Records shown below:

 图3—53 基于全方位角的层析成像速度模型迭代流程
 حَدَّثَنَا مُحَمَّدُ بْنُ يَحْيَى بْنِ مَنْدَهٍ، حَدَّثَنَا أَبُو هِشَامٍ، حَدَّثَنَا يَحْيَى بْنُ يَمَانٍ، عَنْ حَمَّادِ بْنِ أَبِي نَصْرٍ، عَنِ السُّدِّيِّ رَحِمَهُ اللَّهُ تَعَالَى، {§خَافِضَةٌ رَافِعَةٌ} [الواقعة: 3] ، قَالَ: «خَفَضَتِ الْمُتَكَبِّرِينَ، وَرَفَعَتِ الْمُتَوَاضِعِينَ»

End of Records shown.
Records shown below:

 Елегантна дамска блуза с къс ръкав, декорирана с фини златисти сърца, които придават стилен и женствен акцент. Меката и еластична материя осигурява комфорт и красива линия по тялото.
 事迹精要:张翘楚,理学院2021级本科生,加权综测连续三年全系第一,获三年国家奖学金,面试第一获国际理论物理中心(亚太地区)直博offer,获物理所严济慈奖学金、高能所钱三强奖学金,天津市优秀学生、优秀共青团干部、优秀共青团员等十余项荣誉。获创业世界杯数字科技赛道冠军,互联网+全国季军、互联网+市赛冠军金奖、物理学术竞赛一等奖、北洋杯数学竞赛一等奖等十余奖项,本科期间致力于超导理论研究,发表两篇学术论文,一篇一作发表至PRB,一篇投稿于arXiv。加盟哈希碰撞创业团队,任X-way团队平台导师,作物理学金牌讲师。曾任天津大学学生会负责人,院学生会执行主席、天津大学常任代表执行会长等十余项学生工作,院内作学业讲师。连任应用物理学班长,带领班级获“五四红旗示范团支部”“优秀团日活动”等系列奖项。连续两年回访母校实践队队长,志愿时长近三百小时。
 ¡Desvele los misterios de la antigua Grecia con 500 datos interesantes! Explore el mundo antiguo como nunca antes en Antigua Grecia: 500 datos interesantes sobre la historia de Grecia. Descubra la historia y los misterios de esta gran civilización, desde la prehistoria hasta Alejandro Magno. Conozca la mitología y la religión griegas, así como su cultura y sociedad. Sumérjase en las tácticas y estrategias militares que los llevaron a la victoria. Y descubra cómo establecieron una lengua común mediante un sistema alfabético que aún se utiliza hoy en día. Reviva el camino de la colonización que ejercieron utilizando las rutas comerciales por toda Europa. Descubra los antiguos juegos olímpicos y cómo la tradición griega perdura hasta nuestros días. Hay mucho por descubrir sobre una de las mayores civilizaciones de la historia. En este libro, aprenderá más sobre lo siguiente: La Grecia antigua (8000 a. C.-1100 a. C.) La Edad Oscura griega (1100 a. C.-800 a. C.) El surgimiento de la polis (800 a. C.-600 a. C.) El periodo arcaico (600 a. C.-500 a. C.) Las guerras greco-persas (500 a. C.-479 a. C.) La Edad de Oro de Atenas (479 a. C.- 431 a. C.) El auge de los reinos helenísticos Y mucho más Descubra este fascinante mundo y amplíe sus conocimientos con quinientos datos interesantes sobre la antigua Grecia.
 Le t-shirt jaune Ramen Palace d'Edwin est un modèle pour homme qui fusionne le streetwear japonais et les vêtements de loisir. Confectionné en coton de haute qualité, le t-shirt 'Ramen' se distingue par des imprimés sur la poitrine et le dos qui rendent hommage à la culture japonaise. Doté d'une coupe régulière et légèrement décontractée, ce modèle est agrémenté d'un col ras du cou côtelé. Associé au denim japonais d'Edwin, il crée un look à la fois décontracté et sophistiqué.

End of Records shown.

Task brief =
Word for word, restate the lines of the listing above starting at the line with "图3—53 基于全方位角的层析成像速度模型迭代流程" and ending at the line with "حَدَّثَنَا مُحَمَّدُ بْنُ", and nothing outside them.

The completed task =
 图3—53 基于全方位角的层析成像速度模型迭代流程
 حَدَّثَنَا مُحَمَّدُ بْنُ يَحْيَى بْنِ مَنْدَهٍ، حَدَّثَنَا أَبُو هِشَامٍ، حَدَّثَنَا يَحْيَى بْنُ يَمَانٍ، عَنْ حَمَّادِ بْنِ أَبِي نَصْرٍ، عَنِ السُّدِّيِّ رَحِمَهُ اللَّهُ تَعَالَى، {§خَافِضَةٌ رَافِعَةٌ} [الواقعة: 3] ، قَالَ: «خَفَضَتِ الْمُتَكَبِّرِينَ، وَرَفَعَتِ الْمُتَوَاضِعِينَ»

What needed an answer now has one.